-- Problem details --
The response should contain all of the data below, reproduced exactly, and no pictures.

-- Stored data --
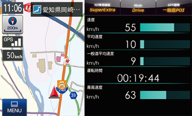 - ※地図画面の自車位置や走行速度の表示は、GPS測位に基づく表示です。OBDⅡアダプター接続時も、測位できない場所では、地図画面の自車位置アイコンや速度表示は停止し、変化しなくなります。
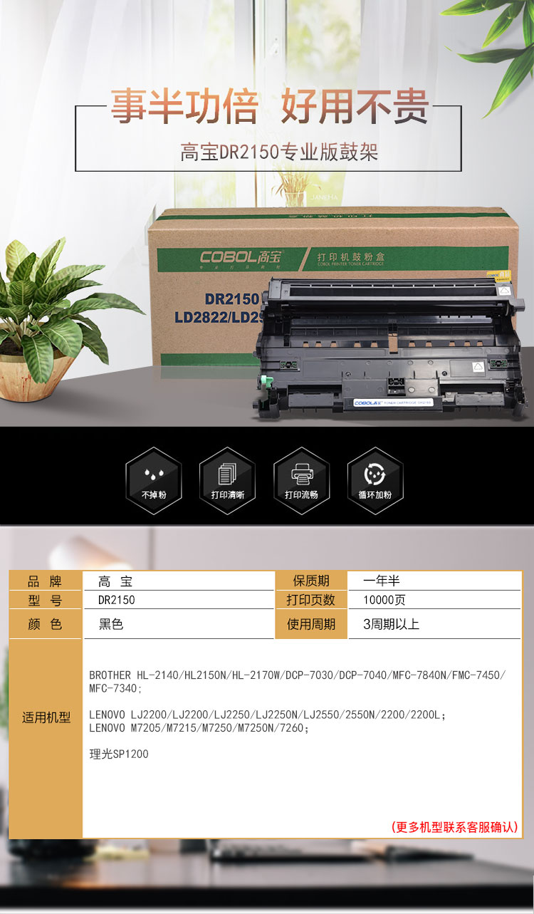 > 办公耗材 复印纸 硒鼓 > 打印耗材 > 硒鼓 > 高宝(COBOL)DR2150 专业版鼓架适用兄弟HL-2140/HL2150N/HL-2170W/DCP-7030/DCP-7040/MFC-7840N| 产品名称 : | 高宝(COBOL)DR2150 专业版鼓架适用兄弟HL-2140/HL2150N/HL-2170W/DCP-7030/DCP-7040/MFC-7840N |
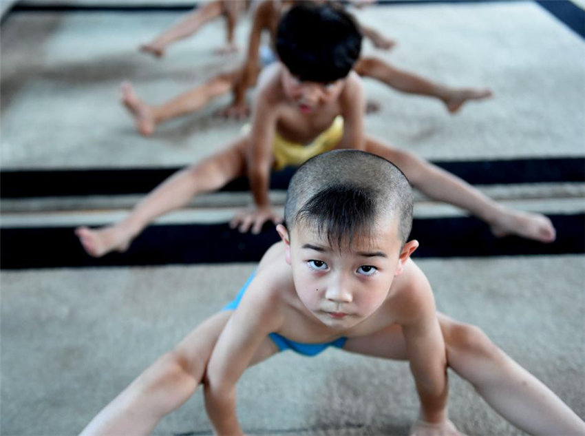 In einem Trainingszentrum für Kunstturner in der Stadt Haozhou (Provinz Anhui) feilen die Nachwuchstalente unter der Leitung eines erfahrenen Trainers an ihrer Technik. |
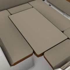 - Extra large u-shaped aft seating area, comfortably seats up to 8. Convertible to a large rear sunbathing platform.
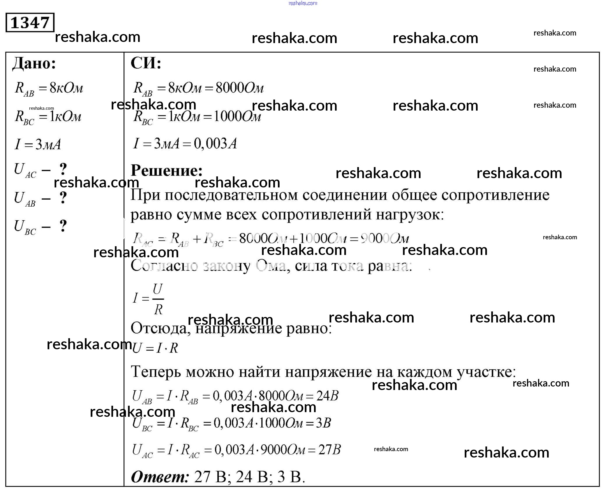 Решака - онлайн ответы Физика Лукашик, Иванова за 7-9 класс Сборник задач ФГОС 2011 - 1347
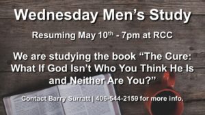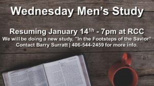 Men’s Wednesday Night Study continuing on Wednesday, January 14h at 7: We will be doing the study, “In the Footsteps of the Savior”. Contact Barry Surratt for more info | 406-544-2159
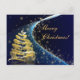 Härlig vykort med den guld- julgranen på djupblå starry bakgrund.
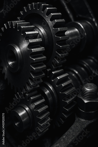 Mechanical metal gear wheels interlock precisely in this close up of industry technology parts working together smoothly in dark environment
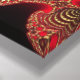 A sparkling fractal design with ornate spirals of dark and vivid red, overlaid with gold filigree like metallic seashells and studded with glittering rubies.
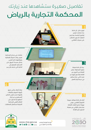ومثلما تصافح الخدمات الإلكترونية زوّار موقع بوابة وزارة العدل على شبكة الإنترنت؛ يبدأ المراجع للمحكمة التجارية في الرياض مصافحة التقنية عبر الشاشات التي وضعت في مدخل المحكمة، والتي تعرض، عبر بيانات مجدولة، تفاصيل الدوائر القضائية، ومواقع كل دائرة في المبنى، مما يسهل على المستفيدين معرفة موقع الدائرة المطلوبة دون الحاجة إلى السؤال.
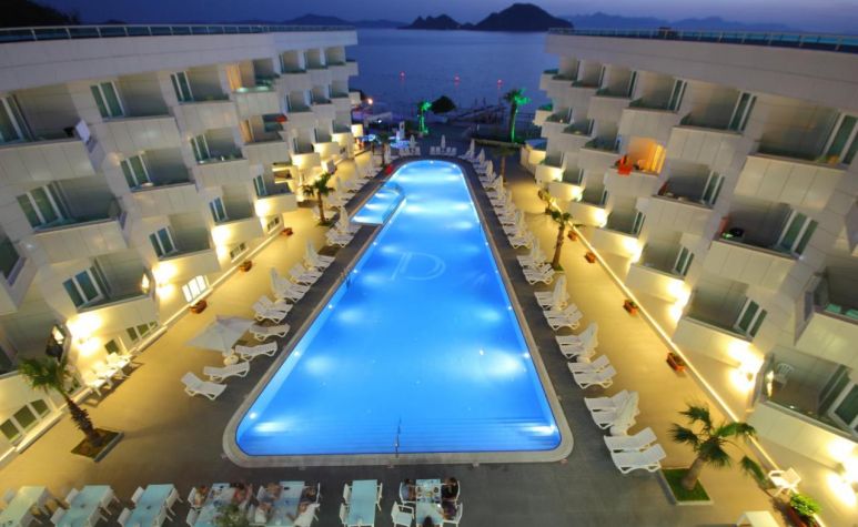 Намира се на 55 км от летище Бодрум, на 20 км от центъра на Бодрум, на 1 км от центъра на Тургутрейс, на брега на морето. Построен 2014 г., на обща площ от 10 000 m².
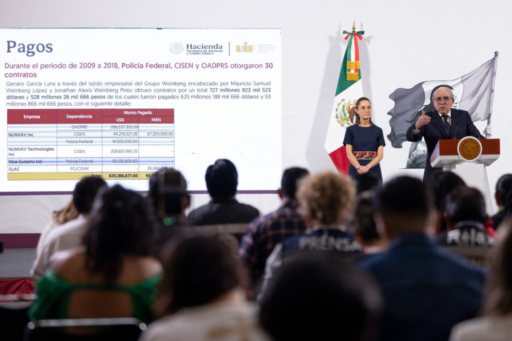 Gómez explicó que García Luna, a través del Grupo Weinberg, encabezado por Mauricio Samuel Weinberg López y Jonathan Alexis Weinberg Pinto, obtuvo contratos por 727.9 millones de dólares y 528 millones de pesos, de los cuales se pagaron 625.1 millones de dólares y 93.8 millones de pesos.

-- Exercise response --
 - ※地図画面の自車位置や走行速度の表示は、GPS測位に基づく表示です。OBDⅡアダプター接続時も、測位できない場所では、地図画面の自車位置アイコンや速度表示は停止し、変化しなくなります。
 > 办公耗材 复印纸 硒鼓 > 打印耗材 > 硒鼓 > 高宝(COBOL)DR2150 专业版鼓架适用兄弟HL-2140/HL2150N/HL-2170W/DCP-7030/DCP-7040/MFC-7840N| 产品名称 : | 高宝(COBOL)DR2150 专业版鼓架适用兄弟HL-2140/HL2150N/HL-2170W/DCP-7030/DCP-7040/MFC-7840N |
 In einem Trainingszentrum für Kunstturner in der Stadt Haozhou (Provinz Anhui) feilen die Nachwuchstalente unter der Leitung eines erfahrenen Trainers an ihrer Technik. |
 - Extra large u-shaped aft seating area, comfortably seats up to 8. Convertible to a large rear sunbathing platform.
 Решака - онлайн ответы Физика Лукашик, Иванова за 7-9 класс Сборник задач ФГОС 2011 - 1347
 Men’s Wednesday Night Study continuing on Wednesday, January 14h at 7: We will be doing the study, “In the Footsteps of the Savior”. Contact Barry Surratt for more info | 406-544-2159
 Härlig vykort med den guld- julgranen på djupblå starry bakgrund.
 Mechanical metal gear wheels interlock precisely in this close up of industry technology parts working together smoothly in dark environment
 A sparkling fractal design with ornate spirals of dark and vivid red, overlaid with gold filigree like metallic seashells and studded with glittering rubies.
ومثلما تصافح الخدمات الإلكترونية زوّار موقع بوابة وزارة العدل على شبكة الإنترنت؛ يبدأ المراجع للمحكمة التجارية في الرياض مصافحة التقنية عبر الشاشات التي وضعت في مدخل المحكمة، والتي تعرض، عبر بيانات مجدولة، تفاصيل الدوائر القضائية، ومواقع كل دائرة في المبنى، مما يسهل على المستفيدين معرفة موقع الدائرة المطلوبة دون الحاجة إلى السؤال.
 Намира се на 55 км от летище Бодрум, на 20 км от центъра на Бодрум, на 1 км от центъра на Тургутрейс, на брега на морето. Построен 2014 г., на обща площ от 10 000 m².
 Gómez explicó que García Luna, a través del Grupo Weinberg, encabezado por Mauricio Samuel Weinberg López y Jonathan Alexis Weinberg Pinto, obtuvo contratos por 727.9 millones de dólares y 528 millones de pesos, de los cuales se pagaron 625.1 millones de dólares y 93.8 millones de pesos.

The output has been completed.